### [PROBLEM REQUIREMENTS]
Within the listing below, give again exactly the lines between the one containing "院领导为本次活动开镰。热热闹" and the one containing "Mit dem symbolischen", inclusive, pictures left aside.
● ● ● ● ●
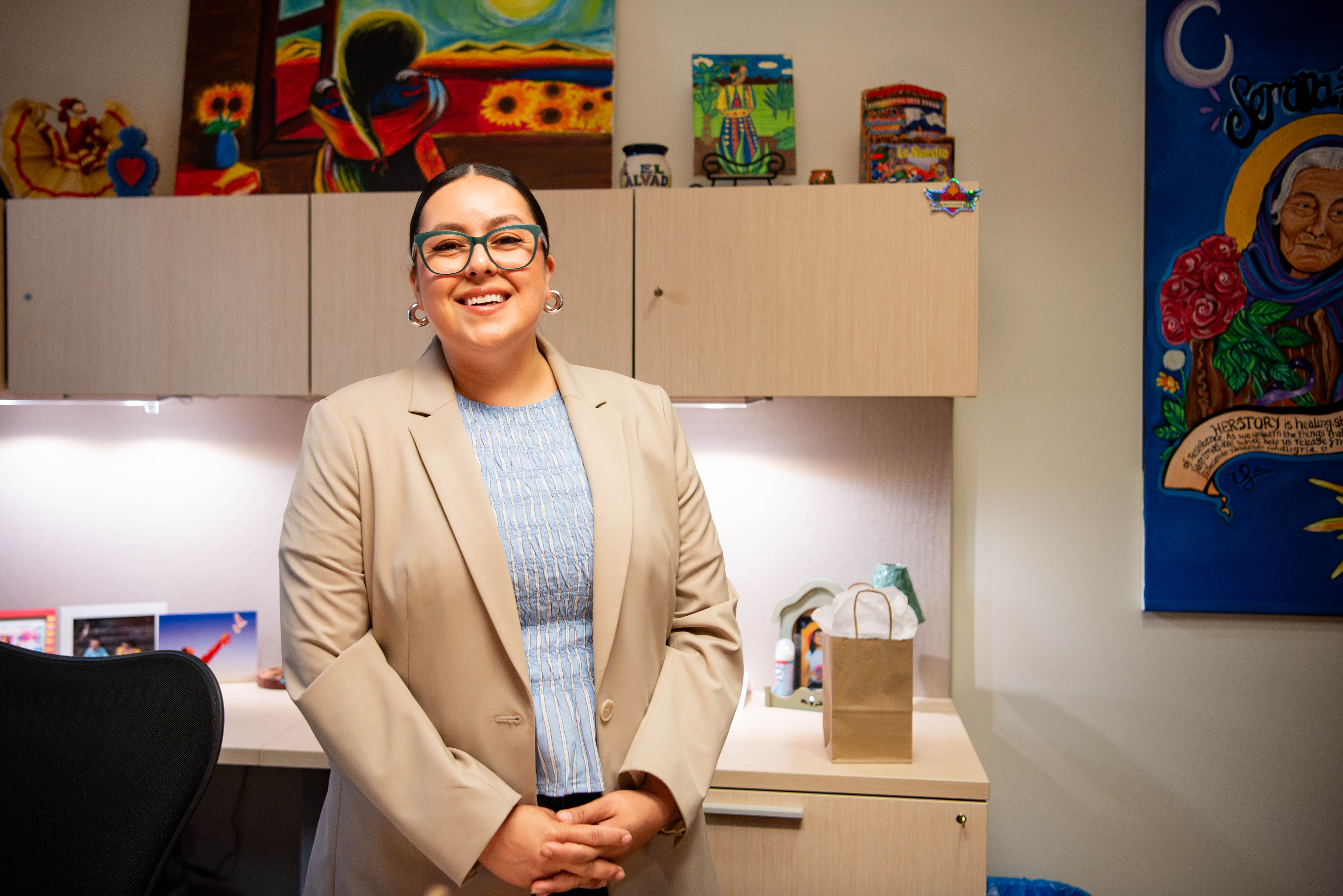 Arlene Cano Matute, the inaugural director of the Latinx Success Center, stands in front of artwork made by students. The center celebrated its one year anniversary March 31.(Victor Simoes/Daily Bruin)
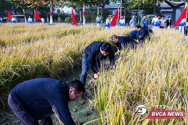 院领导为本次活动开镰。热热闹闹的稻田里,农事专家耐心指导,师生们挥镰收割、打捆垒垛,现场一副热火朝天的劳动场景,大家欢天喜地,热闹非凡。在师生共同努力下,金灿灿的稻田很快变成了成堆的谷垛,丰收活动在一片欢声笑语中圆满落幕。
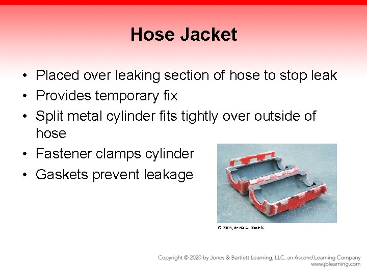 Hose Jacket • Placed over leaking section of hose to stop leak • Provides temporary fix • Split metal cylinder fits tightly over outside of hose • Fastener clamps cylinder • Gaskets prevent leakage © 2003, Berta A. Daniels
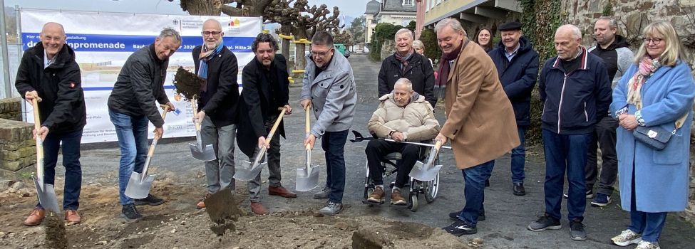 Mit dem symbolischen Spatenstich haben am Freitag (20.03.2026) die Baumaßnahmen für die Neugestaltung der Unkeler Rheinpromenade begonnen. Der Weg entlang des Rheinufers ist das touristische Aushängeschild der Stadt - und in die Jahre gekommen. Die geschotterte Fläche, fehlende Beleuchtung und mangelnde Barrierefreiheit entsprechen nicht den heutigen Anforderungen. Die Rheinpromenade wird jetzt auf einer Länge von 350 Metern saniert.
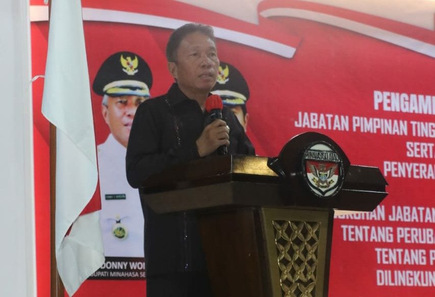 Terasnkri.com | Minsel, Sulut – Bupati Minahasa Selatan Franky Donny Wongkar SH., lakukan pengambilan sumpah janji dan pelantikan Jabatan tinggi Pratama, jabatan Administrator, jabatan Pengawas, serta tugas tambahan kepala sekolah dan penyerahan surat keputusan penjabat hukum tua dirangkaikan Pengukuhan Jabatan sesuai dengan Peraturan Daerah Nomor I Tahun 2022 tentang perubahan atas peraturan daerah nomor 6 Tahun 2016 tentang pembentukan dan Susunan Perangkat Daerah di Lingkungan Pemerintah Kabupaten Minahasa Selatan, yang dilaksanakan di Aula Waleta Kantor Bupati Minahasa Selatan. Jumat 03 Maret 2023
● ● ● ● ●
### [EXERCISE SOLUTION]
 院领导为本次活动开镰。热热闹闹的稻田里,农事专家耐心指导,师生们挥镰收割、打捆垒垛,现场一副热火朝天的劳动场景,大家欢天喜地,热闹非凡。在师生共同努力下,金灿灿的稻田很快变成了成堆的谷垛,丰收活动在一片欢声笑语中圆满落幕。
 Hose Jacket • Placed over leaking section of hose to stop leak • Provides temporary fix • Split metal cylinder fits tightly over outside of hose • Fastener clamps cylinder • Gaskets prevent leakage © 2003, Berta A. Daniels
 Mit dem symbolischen Spatenstich haben am Freitag (20.03.2026) die Baumaßnahmen für die Neugestaltung der Unkeler Rheinpromenade begonnen. Der Weg entlang des Rheinufers ist das touristische Aushängeschild der Stadt - und in die Jahre gekommen. Die geschotterte Fläche, fehlende Beleuchtung und mangelnde Barrierefreiheit entsprechen nicht den heutigen Anforderungen. Die Rheinpromenade wird jetzt auf einer Länge von 350 Metern saniert.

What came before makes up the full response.